Published: Tue, April 16, 2019 @ 12:05 a.m.

By Justin Dennis


The Mahoning County Solid Waste Management District could close 15 of the 28 recycling drop-off locations around the county if municipalities approve a plan to quadruple the volume of curbside recycling bins in those areas.

Lou Vega, county Green Team director, said it’s the biggest change inside the district’s new 15-year solid-waste management plan, which is refreshed every five years and must be submitted to the Ohio EPA in December.

“We spend a significant amount of money on those drop-off sites,” Vega said after a county board of commissioners meeting last week. “[The plan proposes] removing the need to go to one.”

The plan must be ratified by a number of municipalities whose populations total at least 60 percent of the county’s total population.

The plan would discontinue recycling drop-off services in incorporated municipalities where the new carts would duplicate services, including: Youngstown, which has three public sites; Austintown, Boardman, Campbell and Canfield, which each have two sites; and Lowellville, New Middletown/Springfield Township, Poland Township and Struthers, which each have one.

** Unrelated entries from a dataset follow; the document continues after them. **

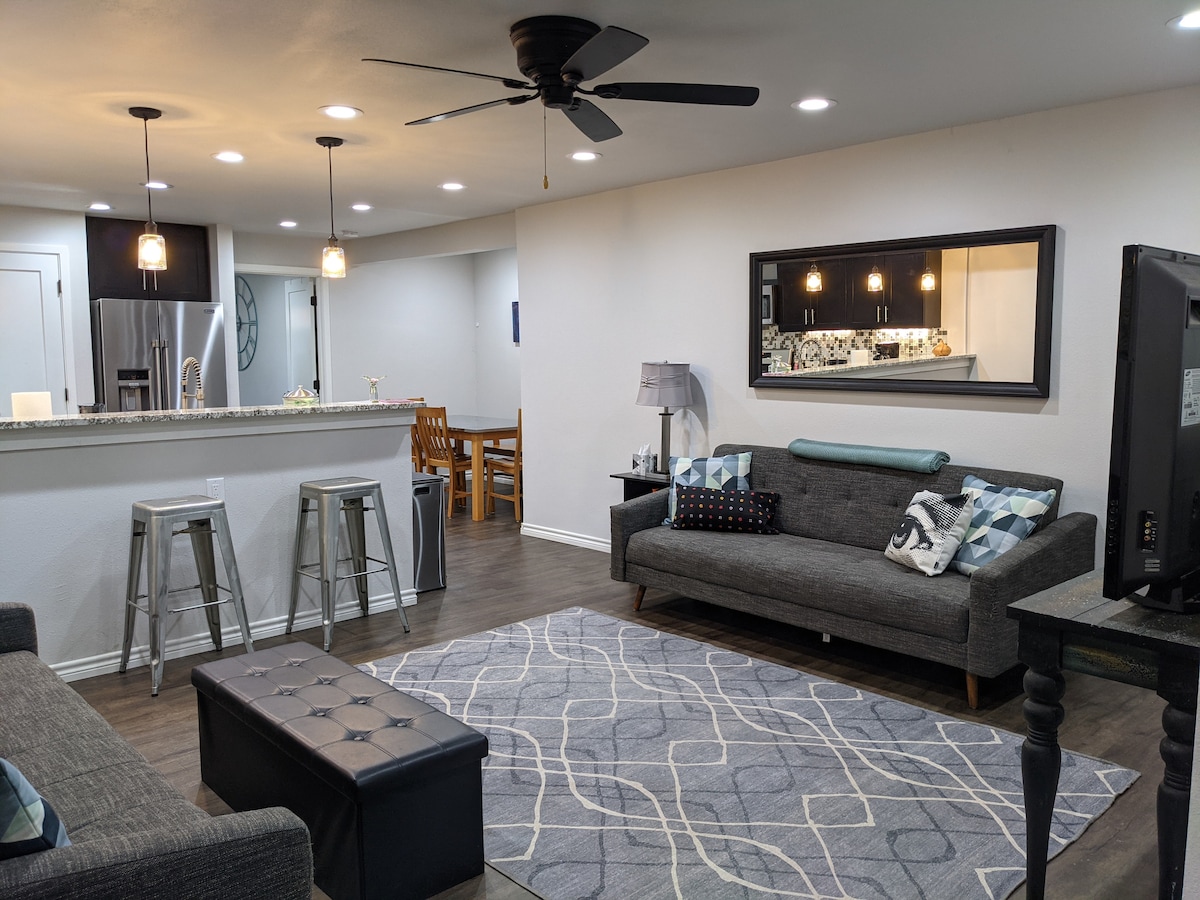 Hey Ya'll! Welcome to our Austin Master Guest Suite remodel. We are 4 miles from the the new Q2 Soccer stadium, Domain, Dell, and Samsung. Only 15min to downtown, Formula 1, Lake Travis, Greenbelt, and Austin Airport. This is a convertThe living space is filled with everything you could need on your trip including a small kitchen with sink, microwave, mini-fridge, coffee, tea, private patio with table, and a brand new luxury bathroom. We offer longer-term and extended stays now at a 25% discount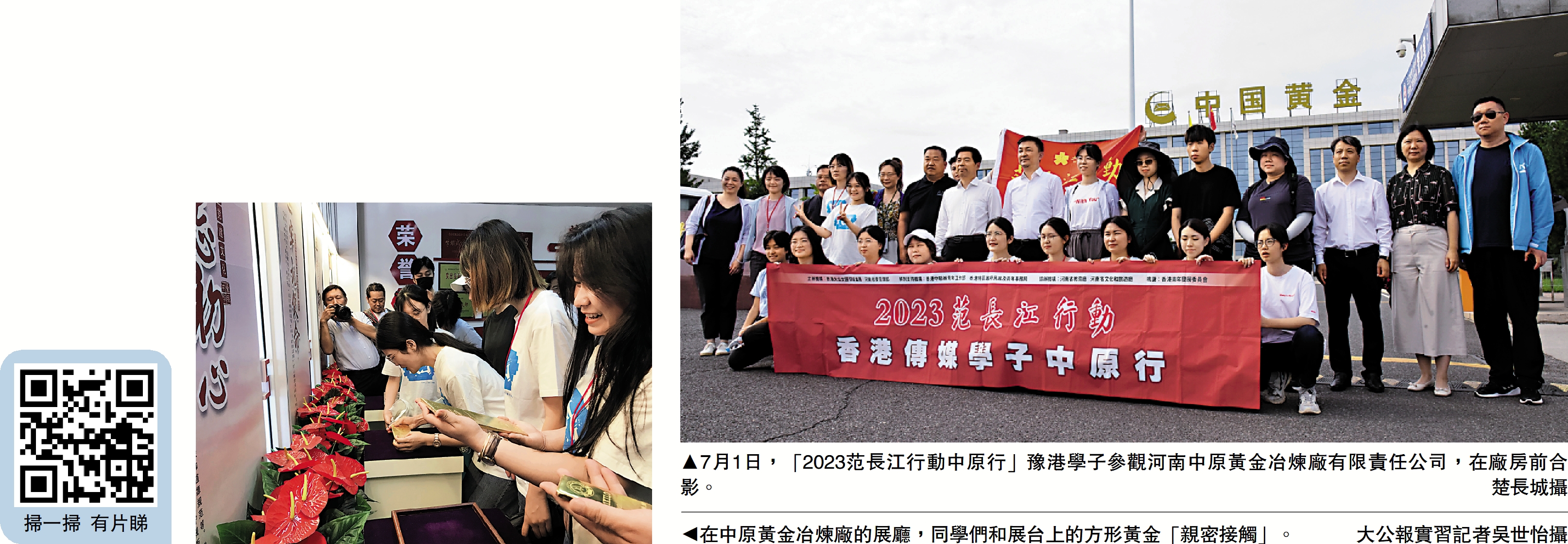 (大公報實習記者 範佳琦 徐春敏 吳世怡 林浩星 林惠欣 朱洵可 牛斌花 薛心壹 肖峰輝 朱璐璐三門峽報道)黃河九曲十八彎,流經河南三門峽,讓這裏成為「生態明珠、天鵝之城」。7月1日,「2023范長江行動中原行」的豫港兩地學子參觀位於河南三門峽市的河南中原黃金冶煉廠有限責任公司以及寶武鋁業科技有限公司,通過參觀生產車間、親手觸摸金屬成品,了解企業的前沿技術,同學們感受到冶金企業「專精特新」的發展理念。而在實現產能的高效提升和技術的精益求精之時,作為「工業重鎮」的三門峽也不斷開拓創新,探索可持續的環保生產技術,「既要金山銀山,也要綠水青山」,共譜城市發展之歌。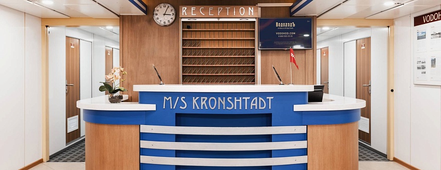 Комфортабельный четырехпалубный теплоход «Кронштадт» — теплоход проекта 301, названный в честь исторической морской крепости вблизи г. Санкт-Петербург. Построен в Германии. Прошел комплексное переоборудование всех кают и общественных помещений в 2018 году. Оснащен современным навигационным оборудованием. Познакомиться с теплоходом поближе, рассмотреть интерьеры общественных зон и кают можно в нашем видео.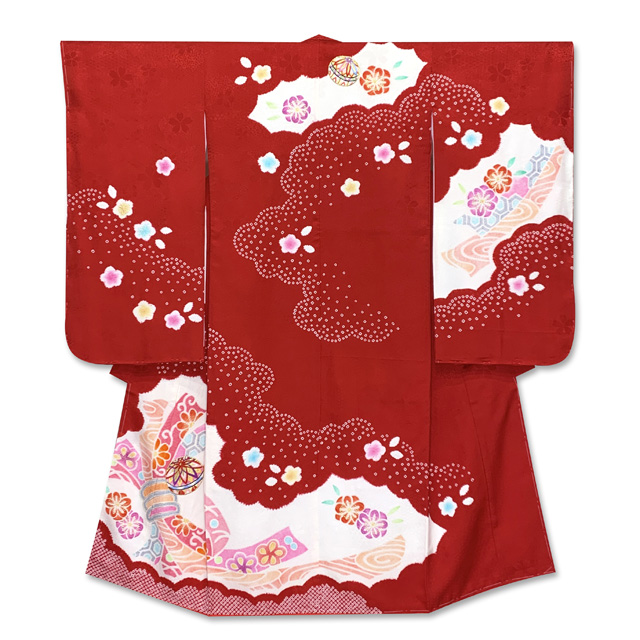 七五三 着物 7歳 フルセット 正絹 女の子 絞り染 刺繍入り 絵羽付けの子供着物 コーディネートフルセット【赤、束ね熨斗】 [IYS1015i15-18PP]
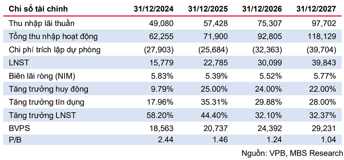 Với kỳ vọng các công ty con sẽ đóng góp đáng kể hơn vào kết quả kinh doanh của VPBank, MBS đã điều chỉnh dự phóng lợi nhuận sau thuế 2025 và 2026 của ngân hàng lên lần lượt 22.785 tỷ đồng và 30.099 tỷ đồng, tăng 44,4% và 32,1% so với cùng kỳ. Đồng thời, nâng giá trị sổ sách trên mỗi cổ phiếu lên 24.392 đồng/cp vào cuối năm 2026, tương ứng P/B ở mức 1,24 lần sau thương vụ IPO VPBankS.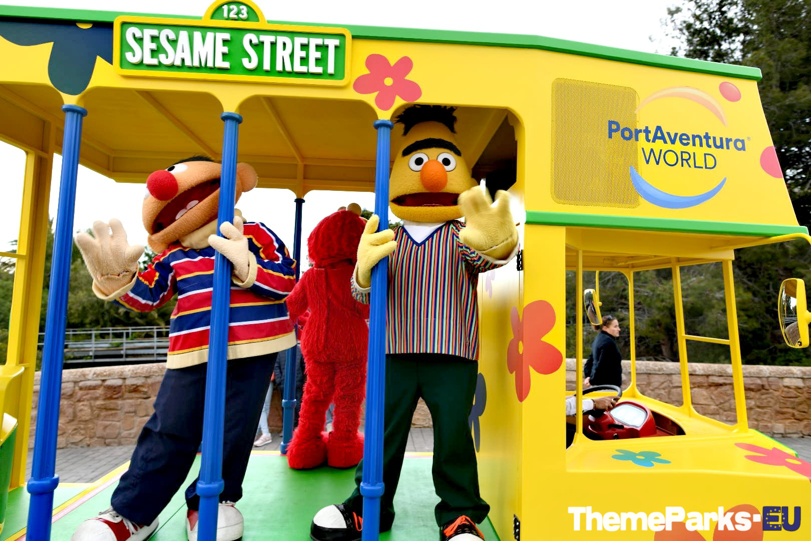 Some of the Sesame Street characters make an appearance in the PortAventura Parade which takes place at the end of each day. The yellow bus had Elmo, Bert and Ernie riding in the back on our visit.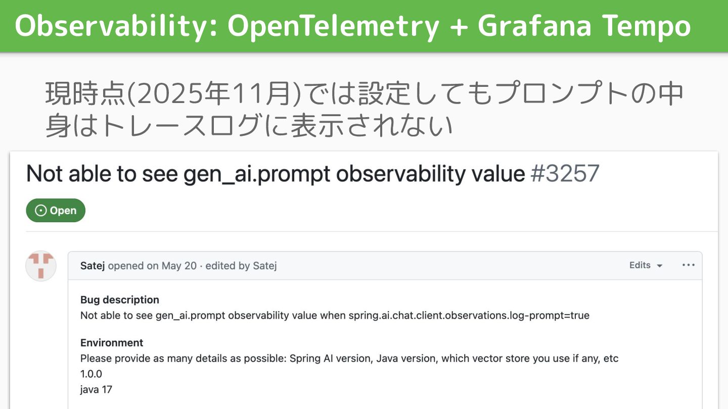 SourceCode ◦ https://github.com/spring-projects/spring-ai • Spring AI Examples ◦ https://github.com/spring-projects/spring-ai-examples • Spring I/O Keynote ◦ https://www.youtube.com/watch?v=oUK1Np4OvnM • IK.AM: Java on Azure Day 2025で"Spring AIで学ぶMCPの活用"について話してきました。 ◦ https://ik.am/entries/858 • Grafana Labs: Auto-instrumenting a Java Spring Boot application for traces and logs using OpenTelemetry and Grafana Tempo ◦ https://grafana.com/blog/2021/02/03/auto-instrumenting-a-java-spring-boot-application-for-traces-and-logs-using-op entelemetry-and-grafana-tempo/ • Google Gemini SourceCode ◦ https://github.com/google-gemini/gemini-cli 57

Vega said these rural communities without access to curbside recycling would keep their sites: Beaver, Beloit, Berlin, Coitsville, Ellsworth, Goshen, Green, Jackson, Milton and Smith townships and Craig Beach Village.

The proposal would affect about 90,000 homes, he said.

Vega said the estimated cost to fit the incorporated drop-off site carts’ 18-gallon tubs with either 65- or 96-gallon tubs is $3.1 million – about 47,500 carts at $60 a piece. The solid-waste management plan must be approved before the district can purchase the carts.

Residents and other solid-waste districts in the region can weigh in on the plan during a 30-day public comment period. Vega said the district plans to visit county municipalities sometime between August and October before the finalized plan is sent off.

Mahoning County and Youngstown, the county’s largest municipality, may both wield veto votes during the approval process, Vega said.